Candida species cause a variety of mucosal and invasive infections and are, collectively, the most important human fungal pathogens in the developed world. The majority of these infections result from a few related species within the “CUG clade,” so named because they use a nonstandard translation for that codon. Some members of the CUG clade, such as Candida albicans, present significant clinical problems, whereas others, such as Candida (Meyerozyma) guilliermondii, are uncommon in patients. The differences in incidence rates are imperfectly correlated with virulence in animal models of infection, but comparative analyses that might provide an explanation for why some species are effective pathogens and others are not have been rare or incomplete. To better understand the phenotypic basis for these differences, we characterized eight CUG clade species—C. albicans, C. dubliniensis, C. tropicalis, C. parapsilosis, Clavispora lusitaniae, M. guilliermondii, Debaryomyces hansenii, and Lodderomyces elongisporus—for host-relevant phenotypes, including nutrient utilization, stress tolerance, morphogenesis, interactions with phagocytes, and biofilm formation. Two species deviated from expectations based on animal studies and human incidence. C. dubliniensis was quite robust, grouping in nearly all assays with the most virulent species, C. albicans and C. tropicalis, whereas C. parapsilosis was substantially less fit than might be expected from its clinical importance. These findings confirm the utility of in vitro measures of virulence and provide insight into the evolution of virulence in the CUG clade.

INTRODUCTION

Candida species are the most important fungal pathogens of humans and are collectively responsible for a vast number of infections. These range from superficial mucosal infections such as vulvovaginal candidiasis, and oropharyngeal thrush, to life-threatening infections such as disseminated hematogenous and invasive candidiasis. These latter infections have steadily increased in incidence in the last 30 years and are associated with a stubbornly high mortality rate as a result of the underlying immunodeficiency of the patients and inadequate diagnostics and treatments (1).
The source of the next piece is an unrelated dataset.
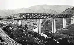 The entire roadbed for the Yosemite Valley Railroad was blasted out of solid rock, which required approximately 3,000,000 pounds of dynamite and powder and 285 miles of fuse. Three Howe truss bridges were built to cross the canyon's steep walls, located at Hopeton, Pleasant Valley, and Bagby, with a total of 65 smaller bridges and trestles along the route. The completed route had 63.5 miles of grades and 32.9 miles of curves with a maximum grade of 1-2%.[13] The main line had Bessemer rail weighing 70 pounds to the yard, and there were 505 curves, as well as 10,265 miles of yards and sidings.[3]: 15–16 A telephone and telegraph line was constructed along the route and completed on July 1, 1907, connecting Yosemite with the outside world.[14]

Of the approximately 150 species in the genus, 95% of infections are caused by just four species: C. albicans, C. tropicalis, C. parapsilosis, and C. glabrata (24). C. albicans is the dominant species, representing about half of disseminated disease and an even greater percentage of mucosal infections. Other clinically relevant species include Clavispora lusitaniae (anamorph: Candida lusitaniae), M. guilliermondii (anamorph: Candida guilliermondii), C. krusei, and C. dubliniensis, while D. hansenii (synonym: Candida famata) and Lodderomyces elongisporus are subjects of rare clinical reports. Because the genus Candida is polyphyletic, a better sense of evolutionary relationships comes in the “CUG clade,” a grouping of species that use an alternative genetic code in which that codon specifies serine rather than leucine (5, 6). The CUG clade encompasses all Candida species commonly isolated from patients other than C. glabrata and C. krusei.
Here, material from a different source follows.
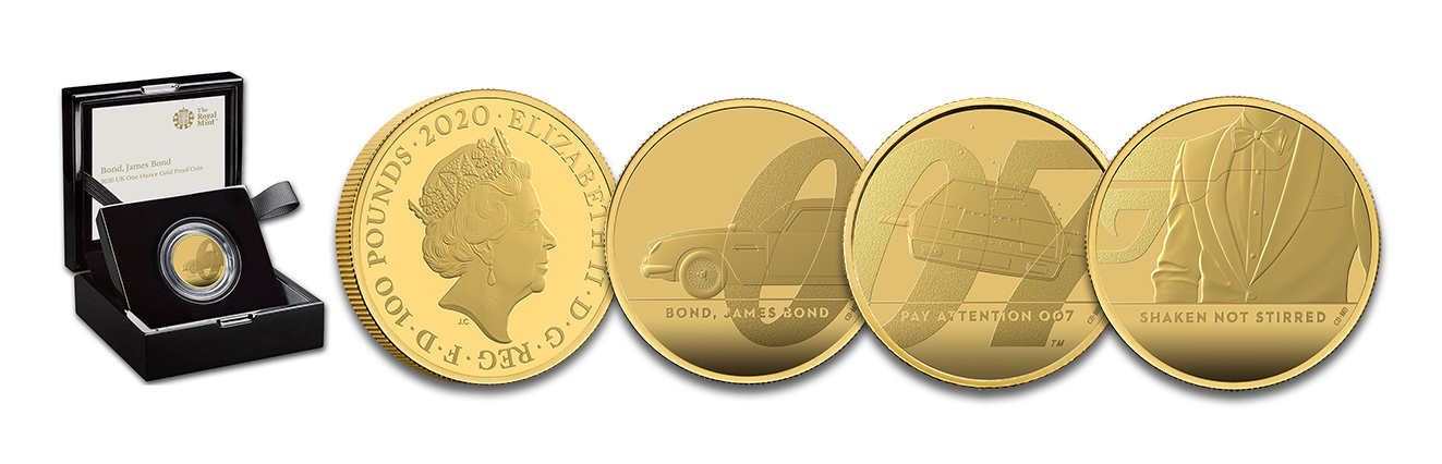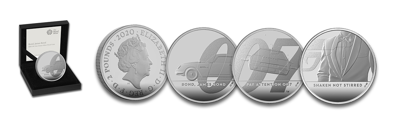 Gewidmet ist die Münzserie den klassischen Momenten aus der James Bond-Filmreihe. Dabei bilden drei unterschiedliche Motive die Basis der Edition: Der Aston Martin DB5 mit dem Titel »BOND, JAMES BOND«, das Amphibienfahrzeug Wet Nellie mit »PAY ATTENTION 007« sowie der berühmte Smoking des Agenten mit dem Prädikat »SHAKEN NOT STIRRED«. In der richtigen Reihenfolge nebeneinander gelegt ergeben die drei Designs das 007-Waffenlogo.

Within the CUG clade there is great diversity in both genotype and phenotype. M. guilliermondii, C. lusitaniae, and D. hansenii are haploid, while the others are diploid. Originally classified as fungi imperfecti, sexual cycles are slowly being identified for most of these species (for a review, see reference 7). Most importantly, clinical incidence of these species is correlated, albeit imperfectly, with virulence potential in animal assays. A series of experiments testing several Candida species in mice grouped C. albicans and C. tropicalis as the most virulent (infections with high inoculums were lethal), followed by C. glabrata and C. lusitaniae (not lethal, but organisms persisted in organs), with C. parapsilosis, C. krusei, and M. guilliermondii as the least virulent, with at least some of the animals clearing even high inoculums from the kidneys (8). This is broadly consistent with a variety of other studies using subsets of these species in mouse models of disseminated or mucosal infections or gastrointestinal colonization (913). It is notable that in these models, C. parapsilosis is consistently less virulent than would be predicted from its clinical incidence.
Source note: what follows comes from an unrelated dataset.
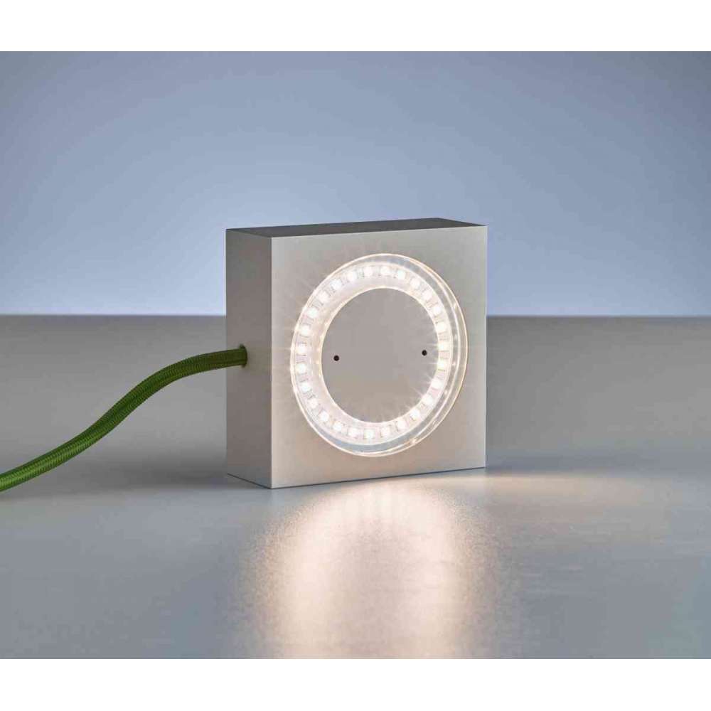 Mehrzweckleuchte aus eloxiertem Aluminium mit integrierter LED in Warmweiß und farbigem Netzkabel. Als Zubehör ist ein Standfuß aus Buchenholz (natur oder schwarz gebeizt) verfügbar.
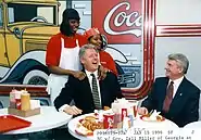 Miller hizo campaña en una plataforma de campamentos de encarcelamiento para delincuentes primerizos de drogas, criticó a Young por "una explosión de crimen" en Atlanta y pintó a Young con el deseo de "huir" del tema de las drogas.[40] Aconsejado por Carville,[41] Miller hizo de una lotería estatal en lugar de los aumentos de impuestos estatales un tema central de su campaña.[42] Carville atribuyó la victoria de once puntos de Miller en las primarias sobre Young al atractivo del tema de la lotería y su capacidad para atraer votantes suburbanos blancos. "Zell Miller pudo establecer la agenda, y la agenda fue la lotería", señaló Carville en ese momento.[43]

A variety of phenotypes have been correlated with virulence in Candida species, primarily C. albicans, including hyphal growth, adhesion and biofilm formation, resistance to reactive oxygen and nitrogen stresses, use of nonfermentable carbon sources, modulation of macrophage functions, tolerance of a range of extracellular pH, and secreted protease and lipase activity (for a review, see reference 14). Presumably, the ability to cause disease in the mammalian host is the product of a combination of these phenotypes and others, but there are only a few instances in which virulence-related phenotypes were examined systematically across multiple CUG species; for instance, sensitivity to peroxide was assayed for eight species, finding differences that were imperfectly correlated with virulence (15). The phenotypic diversity both in vitro and in animal models comes from a combination of genomic (gene content) and regulatory (expression) variations among these species. The substantial genomic differences between these species have been analyzed primarily in silico (1618), with interspecies comparisons at a molecular level only beginning to appear.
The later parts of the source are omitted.